**Exercise objective**
The following data is to be repeated exactly, its pictures excluded.

─── Data to examine

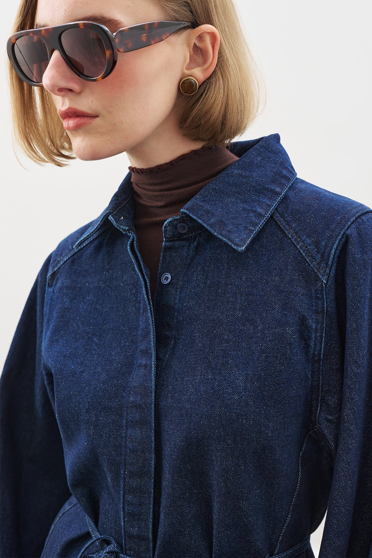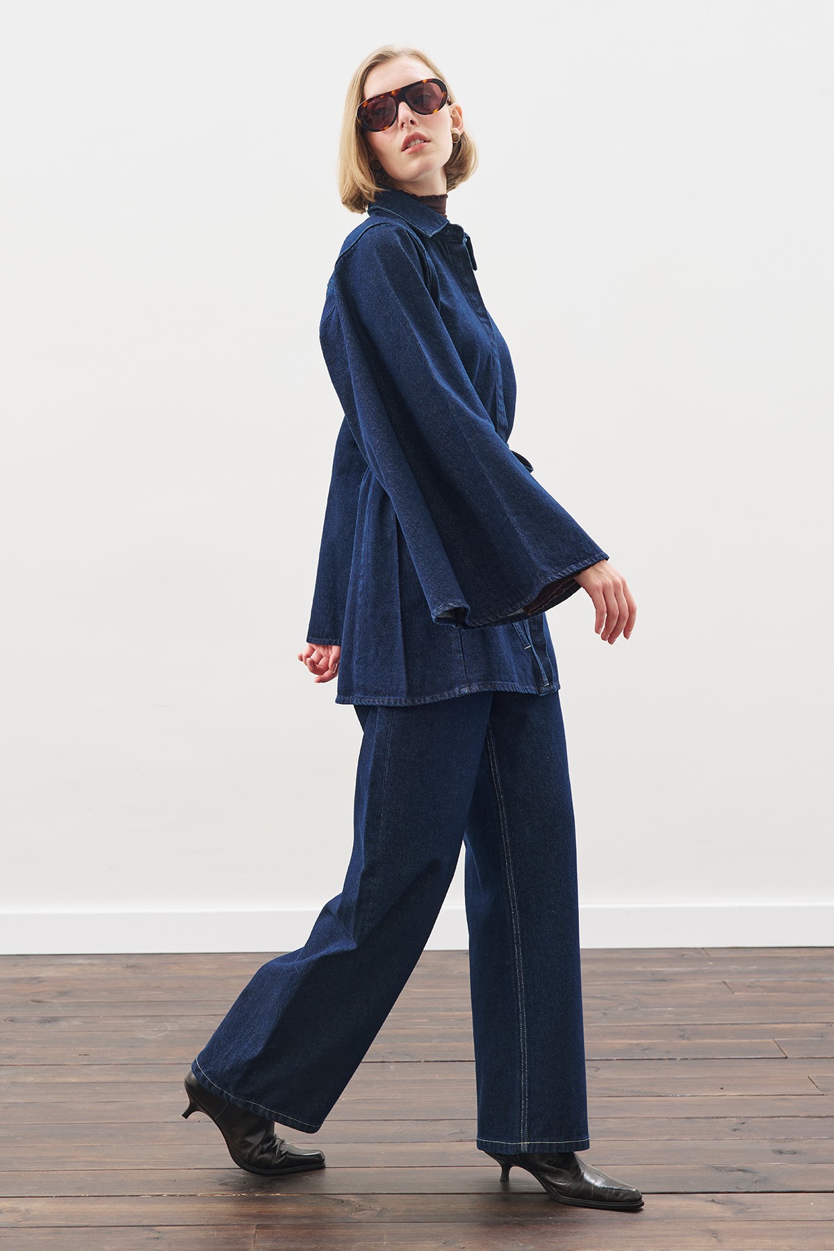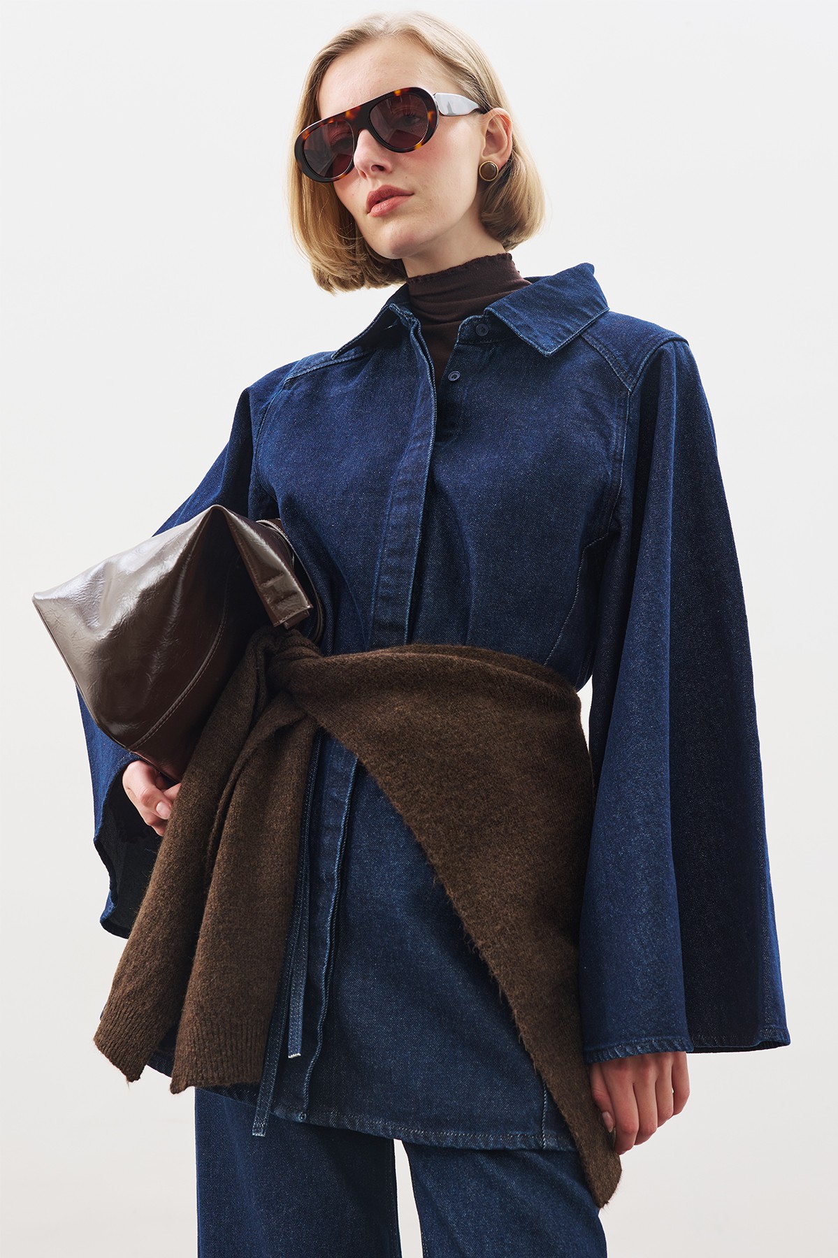 GENİŞ PELERİN KOLLU DENİM GÖMLEK İNDİGO
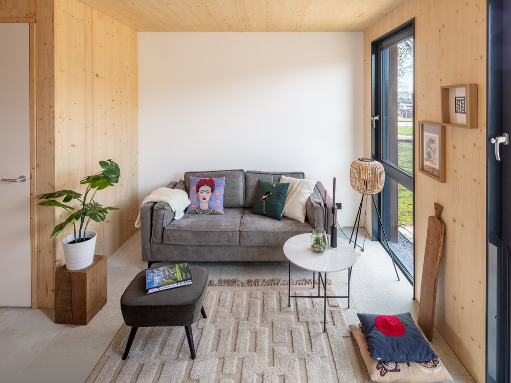 Met biobased constructie (CLT), isolatie en gevel, voor een bijzonder kleine voetafdruk nu en een leefbaar klimaat in de toekomst. Plus klimaatadaptieve en natuurinclusieve maatregelen, inspelend op een extremer klimaat en natuurbehoud. Vanuit een circulair droogbouwsysteem, voor bijna volledig hergebruik in de verre toekomst. Snel en betaalbaar in onze fabriek volledig afgebouwd en optioneel stikstofvrij geplaatst, met minimale impact op locatie.
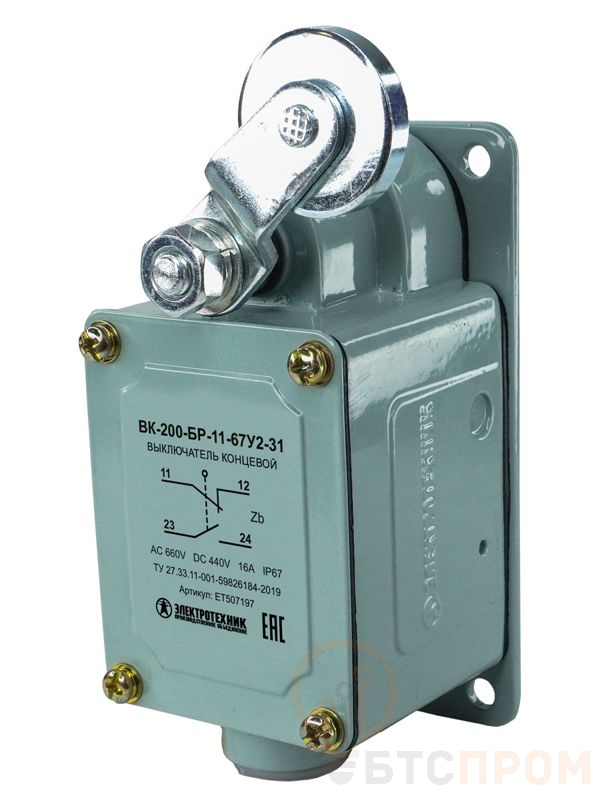 Выключатель конечный ВК-200-БР-11-67У2-31 от производителя "Электротехник" — это надежный аппарат управления, предназначенный для коммутации электрических цепей контроля и управления в зависимости от положения механизмов. Модель оснащена рычагом с роликом, обеспечивающим четкое срабатывание при контакте с управляемым объектом.
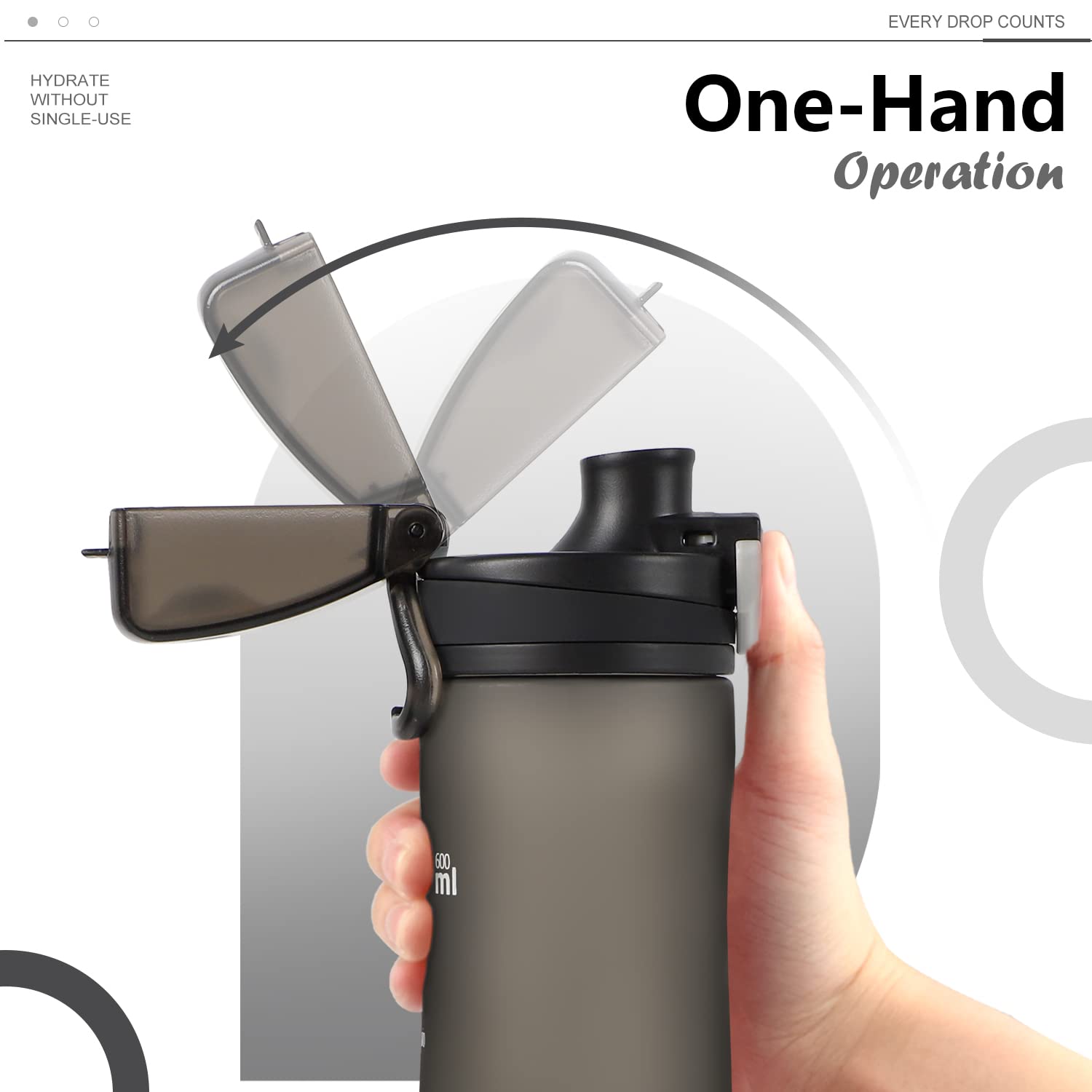 - DRINK WITH SINGLE HAND -- Designed to be slim and easy to hold. You can pop up the lid, drink, and lock up with a single hand, which makes hydrating convenient while you are driving or jogging, or stuck on something.
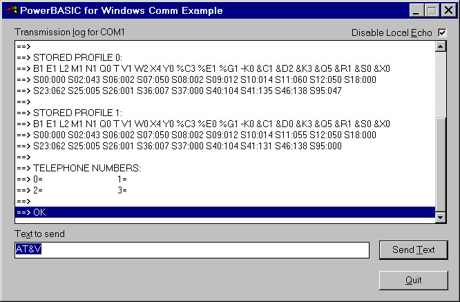 The final program can be found in the PB\SAMPLES\COMM folder of your PowerBASIC installation. It is not very large, but it handles a surprising number of ordinary communications tasks. It lacks some error checking, as has been noted. If you choose to modify this program, you might want to put some error checking in. You might also want to test for such problems as the List box control filling up to the limits of the operating system (i.e., 32767 entries in Windows 95/98/ME), and even add a few more buttons to send certain preformatted strings to modem, for example "ATZ" or "ATDT555-1234".

──────

**Result below**
 GENİŞ PELERİN KOLLU DENİM GÖMLEK İNDİGO
 Met biobased constructie (CLT), isolatie en gevel, voor een bijzonder kleine voetafdruk nu en een leefbaar klimaat in de toekomst. Plus klimaatadaptieve en natuurinclusieve maatregelen, inspelend op een extremer klimaat en natuurbehoud. Vanuit een circulair droogbouwsysteem, voor bijna volledig hergebruik in de verre toekomst. Snel en betaalbaar in onze fabriek volledig afgebouwd en optioneel stikstofvrij geplaatst, met minimale impact op locatie.
 Выключатель конечный ВК-200-БР-11-67У2-31 от производителя "Электротехник" — это надежный аппарат управления, предназначенный для коммутации электрических цепей контроля и управления в зависимости от положения механизмов. Модель оснащена рычагом с роликом, обеспечивающим четкое срабатывание при контакте с управляемым объектом.
 - DRINK WITH SINGLE HAND -- Designed to be slim and easy to hold. You can pop up the lid, drink, and lock up with a single hand, which makes hydrating convenient while you are driving or jogging, or stuck on something.
 The final program can be found in the PB\SAMPLES\COMM folder of your PowerBASIC installation. It is not very large, but it handles a surprising number of ordinary communications tasks. It lacks some error checking, as has been noted. If you choose to modify this program, you might want to put some error checking in. You might also want to test for such problems as the List box control filling up to the limits of the operating system (i.e., 32767 entries in Windows 95/98/ME), and even add a few more buttons to send certain preformatted strings to modem, for example "ATZ" or "ATDT555-1234".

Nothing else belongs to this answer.